99f6aeec9715bb034bba93ba2a7eb360
0
Nick 102 Jun 28, 2006 at 08:55

@.oisyn

In essence, yes, but I believe the d3dx matrix mul uses SSE code. And somehow I don’t think the jitter actually produces SSE code from that piece of C#.

I verified that it doesn’t use SSE. So the code being produced for the C# version is practically equivalent to D3DX for C++. :mellow:

340bf64ac6abda6e40f7e860279823cb
0
_oisyn 101 Jun 29, 2006 at 08:54

Hmm, that just plain sucks. I recon they’d optimized the d3dx library. Are you sure you’re not looking at the debug version?

On the other hand, you should be able to target every reasonable x86 platform with that library, including the pre-XP athlons that don’t have SSE support yet. So maybe it’s no surprise after all.

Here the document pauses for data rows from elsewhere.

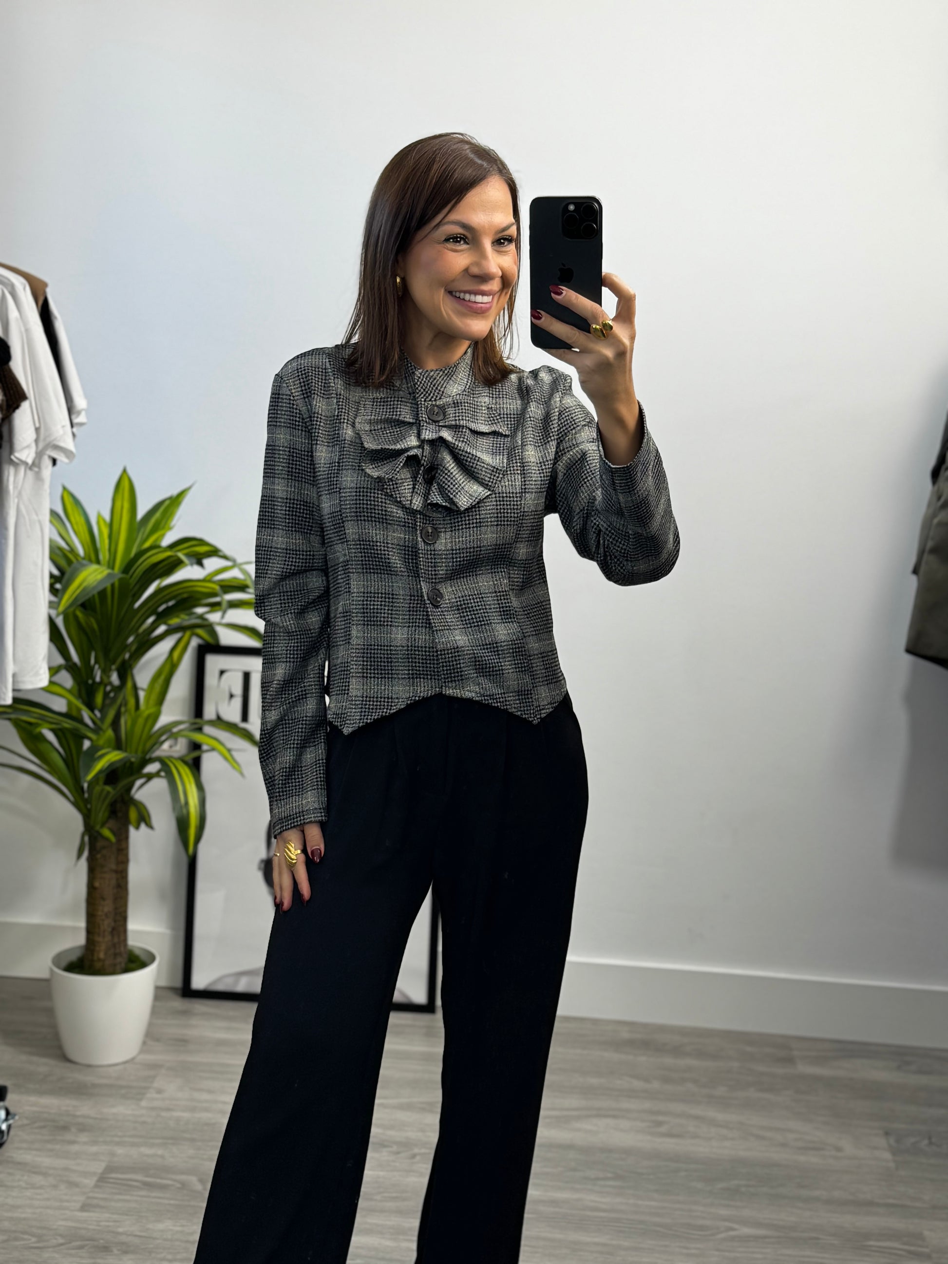Blusa de cuadros elegante talla única.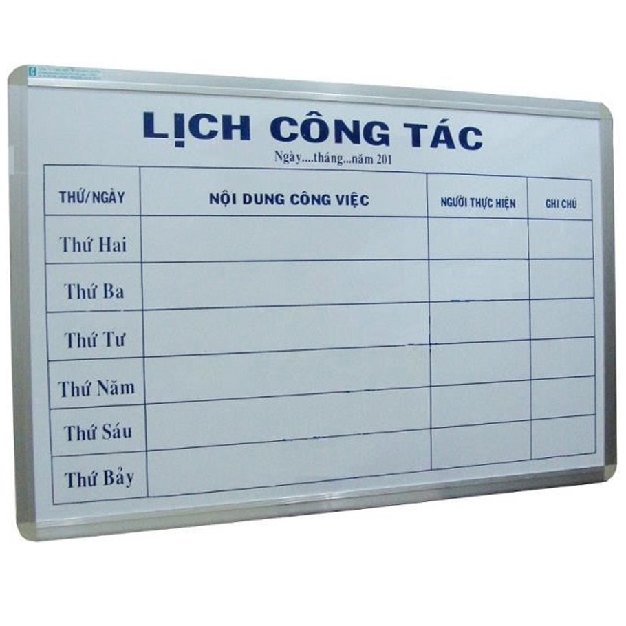- Mặt bảng màu trắng bạch in lụa màu xanh biển theo mẫu lịch công tác, chất liệu chính bằng Greenlam nhập khẩu từ Ấn Độ, viền khung nhôm hộp. Sản phẩm cao cấp với nguyên liệu ngoại nhập.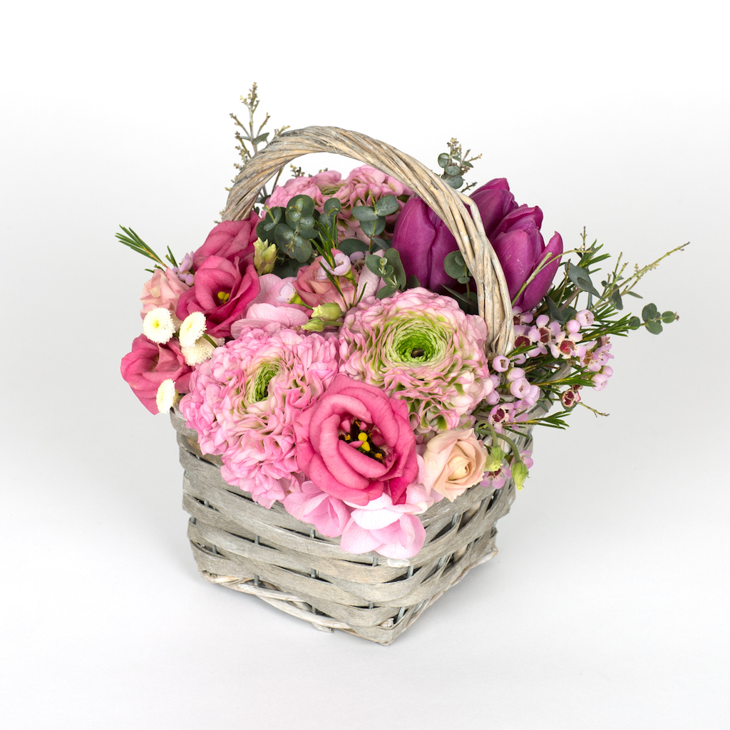 Aranjament cu 3 ranunculus roz, 2 lisianthus roz, 3 lalele mov, verdeata si alte flori de decor, cos gri cu toarta.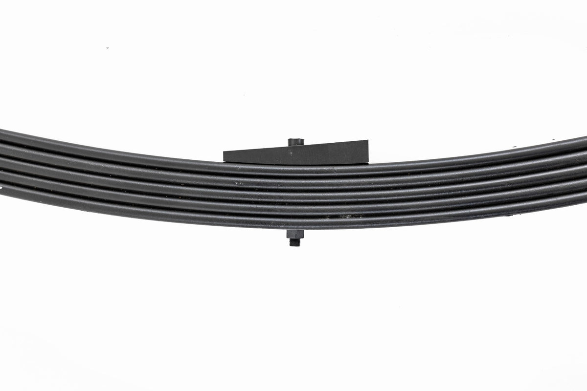 Added Lift Height and Ride Comfort. Take your suspension kit to the next level with Rough Country's Replacement Leaf Springs. Constructed from high-quality materials and designed specifically for the weight of your vehicle. This enhanced replacement spring will provide a factory-like feel while retaining your suspension lift height.?á\ Durable and Off-Road Ready. Rough Country's Replacement Leaf Springs are designed to tackle any terrain that they are faced with. Featuring a multi-leaf design and spring pads this reduces the friction and maximizes comfort. Each leaf pack utilizes tapered leaves for improved flexibility at their ends.?á\ Installation. Rough Country's Replacement Leaf Springs?áoffer a 100% bolt-on installation estimated to take approximately 1-2 hours depending on vehicle condition. Simply remove the pre-existing leaf spring and use the stock hardware to equip your vehicle with this high-quality replacement.?á\ Lifetime Replacement Warranty. Rough Country's Replacement Leaf is backed with a 5-year replacement warranty towards manufacturer defects. As such, the product is protected from structural and workmanship damage after the date of purchase. With our industry-leading warranty give yourself peace of mind when using Rough Country's Suspension products!?á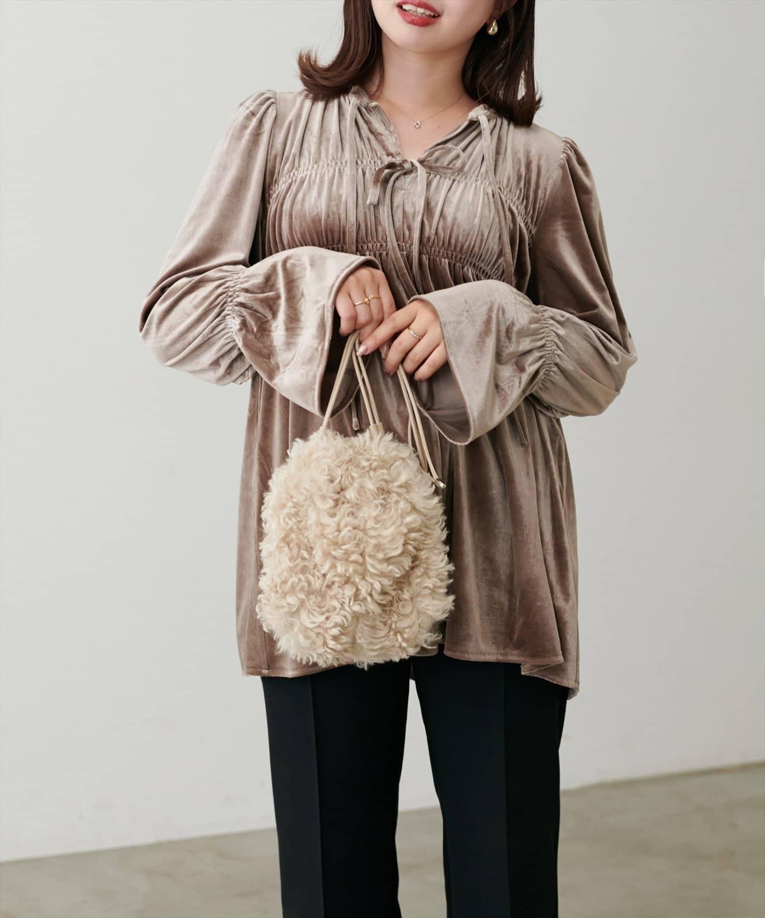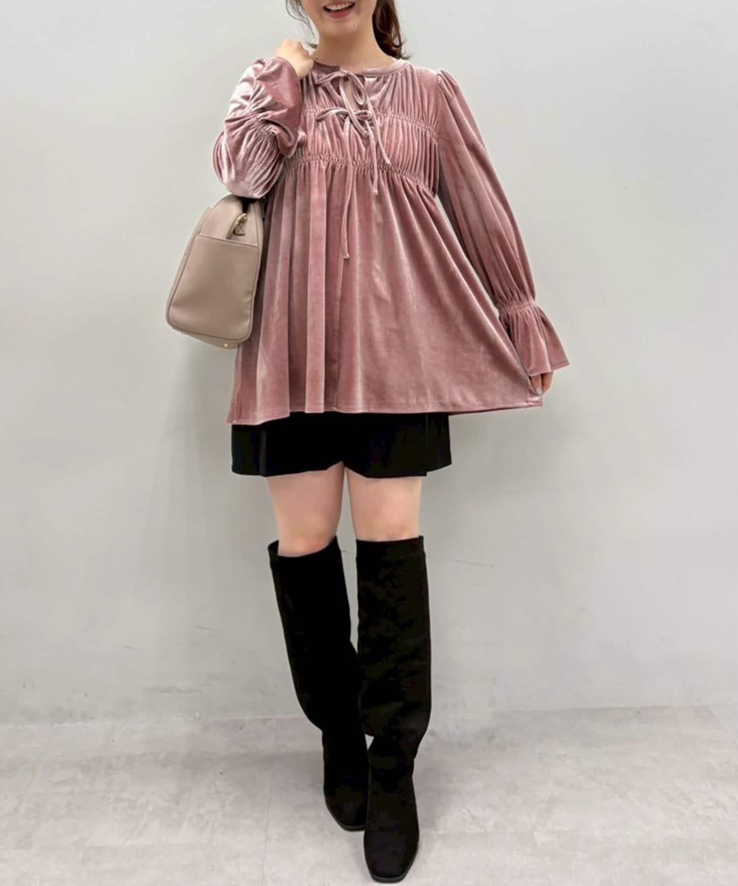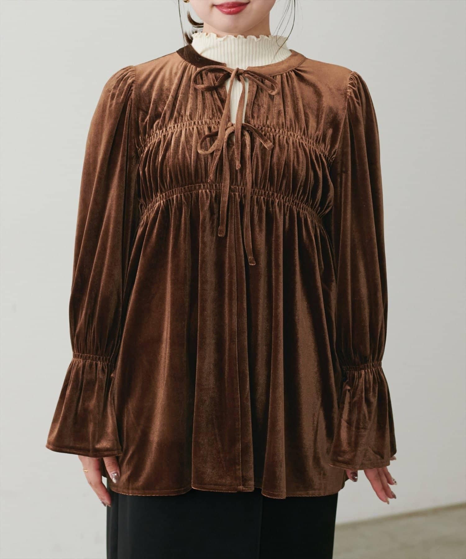 /【canami】2WAY蝴蝶結天鵝絨襯衫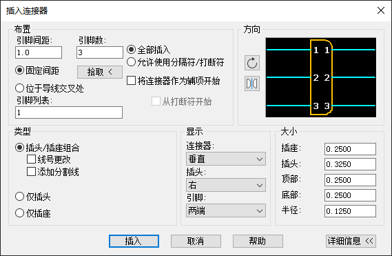 该对话框中将显示迄今已插入的连接器引脚。继续单击“插入下一个连接”,直到放置了九个连接中的六个。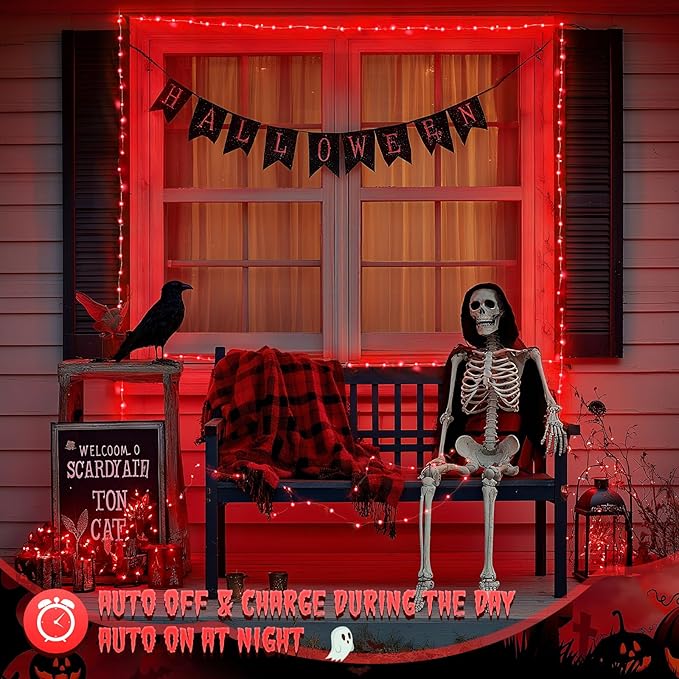 - 【FLEXIBLE & DURABLE RED LIGHTS OUTDOOR】You can bend the flexible silver wire into a heart shape or pentacle and you can wrap the halloween solar lights around tree trunks or gazebos. Solar fairy lights will not overheat after being used for many hours, durable, and safe to use.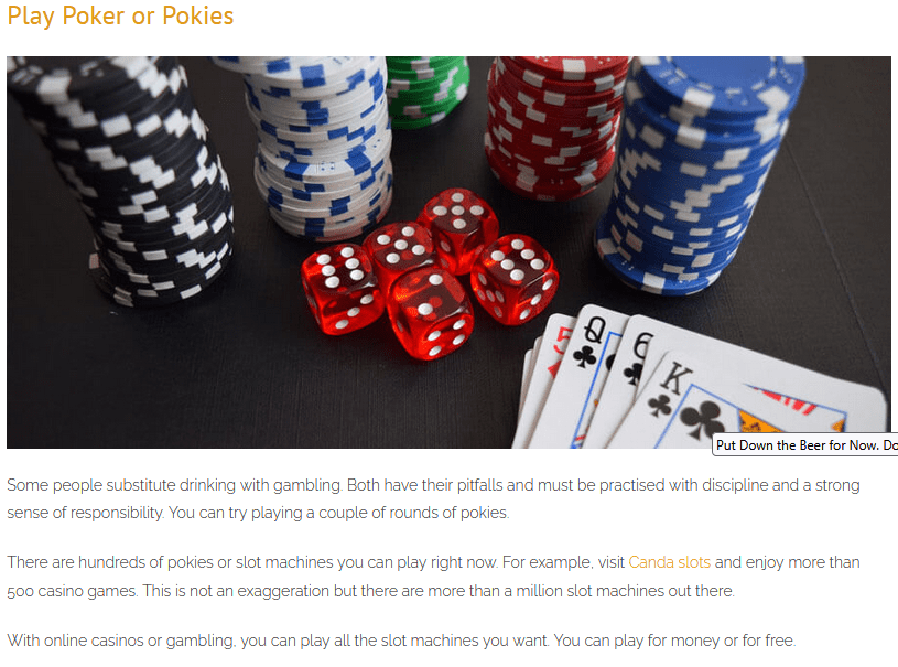 There it is: online gambling. And this time it’s not a subtle link, slipped in. This time it’s “Beer is like gambling. People like gambling. Gamble here.” What the fuck? Combing through the other articles, I found multiple references to online gambling. The most egregious being from “Put Down the Beer for Now. Do This Instead”. You know what advice it gives for a safe and healthy alternative to drinking? That’s right, gambling!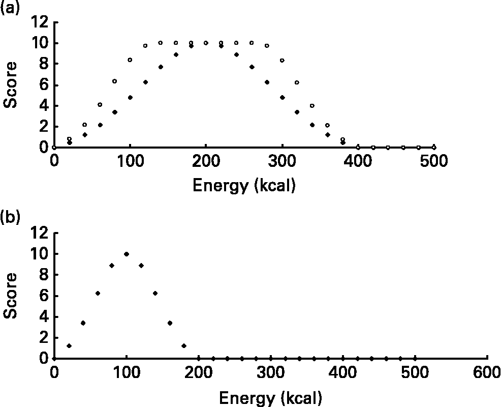 Noticeably, the system favours portion sizes that by default do not constraint the main meals and is in line with the wider aim of favouring food items with low- to moderate-energy loads. Such recommendations regarding food size are in agreement with those of the DG-SANCO (see above) and with data from the literature that indicate energy loads as the main determinants of obesity(Reference Taylor, Missik, Hurley, Hudak and Logue29). The calculations are based on a Gaussian distribution of the energy provided as shown in Fig. 1 (b).
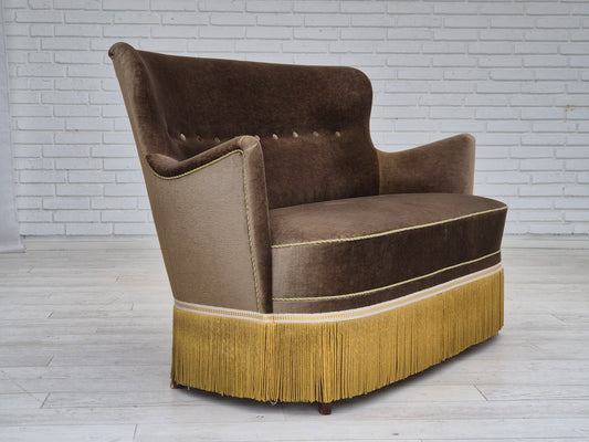 1960s, Danish 2 seater sofa, furniture velour, original condition.
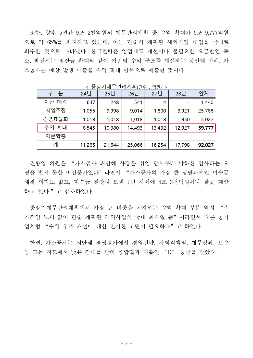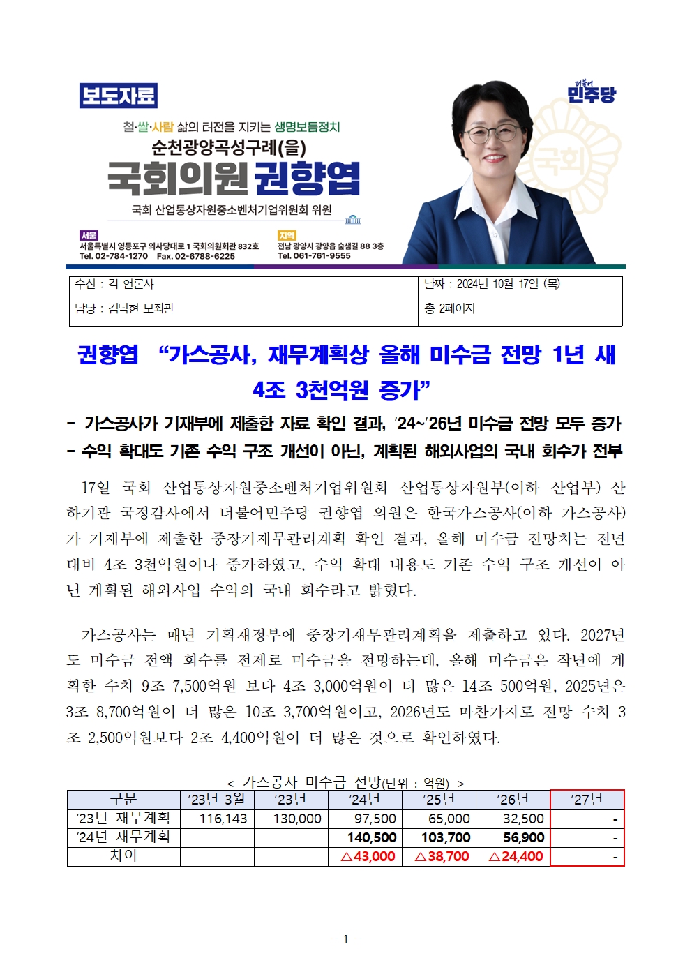 [권향엽 국회의원] 241017 보도자료_가스공사 1년 사이 재무계획상 올해 미수금 전망 4조3천억원 증가.hwp

Then again, what serious gamedeveloper is using the d3dx math functions anyway? ;)

Afb4377d78290e589e946c5862757ccf
0
Qlone 101 Jun 29, 2006 at 09:20

Its performance slightly disappointed me too. It’s very tempting to try to do all math stuff in .NET code now, knowing (assuming) it will be as fast or nearly as fast as D3DX’ functions, which should be fast enough for what I’m trying to do.

The only real advantage using d3dx has now is that it’s a pre-built and (hopefully) debugged math library, which makes for a nice quick start on that front. Since platform independence is a target for my project, eventually I’ll need a platform independent math solution anyway…